そこで、地域に根差して約30年の先駆者・中江裕司監督が熱く語りました。中江監督は沖縄で劇場を経営し、映画だけではなく、音楽ライブやワークショップ、雑貨店などを同空間で行い、地域の人々が集う場所を構築している真っ最中。その合い間に映画館のない離島へ巡回上映に出向き、映画の面白さを伝えているというエネルギッシュさ。「映画館、と名付けずに〝劇場〟としたのは、より間口を広げるため。私は映画監督ですが、人が喜んでもらうのが好きで、いろいろと人が集まる仕掛けを考えています。映画に特化することはなくサービス業と考えないと、映画監督としても生き残っていけません」と語気を強めます。
「現在の映画産業の問題は中央資本主義。地方各地から単館系の映画館が消え、シネコンでは同じ映画しか観られなくなった。中江監督や山崎監督の作品は、映画祭でしか観られないという現状。ハリウッドを視点にグローバル化が映画に要求するのは、消費としての映画。映画という本質を飛び越えて、経済の問題になってきている」という梁木ディレクターの言葉に対し、「本当は人の問題かもしれない。ハリウッドの映画こそ、本当の映画だと言い切って認識してしまう人が多く、それはマインドコントロールにも近い」と村山さん。話が盛り上がるにつれ、農業と映画を飛び越えて、映画というものの根本に及んできました。事実、中江監督は沖縄離島を中心に、精力的に巡回上映を行い、山崎監督もそれに続きます。「巡回上映を行っていると、映画においてのライブ感がいかに大事かがわかるんです。そこで地域の人々が交流し、新しいものが生まれて行く」と中江監督。「映画はそもそも非日常的でイベント性を含むもの。それが家で一人で観られる環境が主流になった。問題はシネコンが増え、どの映画館も同じ映画が上映されることになり、単館系の素晴らしい映画が全国に行き届かない」と梁木ディレクターは、中央集権的な配給体制に警鐘を鳴らします。「映画は人に観てもらうもの。地域から生まれても全国、全世界の人々に観てもらう体制をつくるのが急務。それこそ地産池消じゃなく、山崎さんの提案する〝地産地生〟なんです」という村山さんの言葉に、会場のみなさんは深くうなずきました。

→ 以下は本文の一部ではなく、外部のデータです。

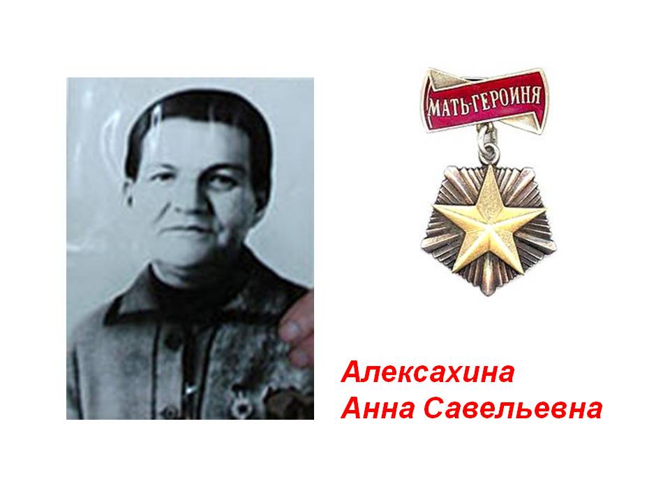 Первое присвоение почетного звания «Мать-героиня» было произведено Указом Президиума Верховного Совета СССР от 27 октября 1944 года. Среди четырнадцати женщин, удостоенных этим Указом звания, орден «Мать-героиня» № 1 и Грамота Президиума ВС СССР № 1 были вручены Алексахиной Анне Савельевне, воспитавшей 12 детей (десять сыновей и двух дочерей). Награда была вручена ей в Кремле 1 ноября 1944 года из рук Михаила Калинина.

そして、話はフィルムからデジタル化の内容に。「この1年間で全国から35mmのフィルム映写機が消え、結果100の映画館がなくなるだろう」との危機的な予想をもとに、「これからは、本当に中央集権主義をなくしていき、地域が頑張って、独自の配給網を作らなければならない。そのためには地域の自立が非常に大切になってくる」と中江監督。

「農業と映画」をテーマに始まったシンポジウムでしたが、最終的には、「映画」というものの根本を考える機会になった、非常に有意義な1時間半でした。これを危機と考えるのか、過渡期と考えるのか…。「農業も映画も同じ。耕し続けないと枯れてしまう」との山崎監督の言葉が、パネリストや観客の心に深く突き刺さりました。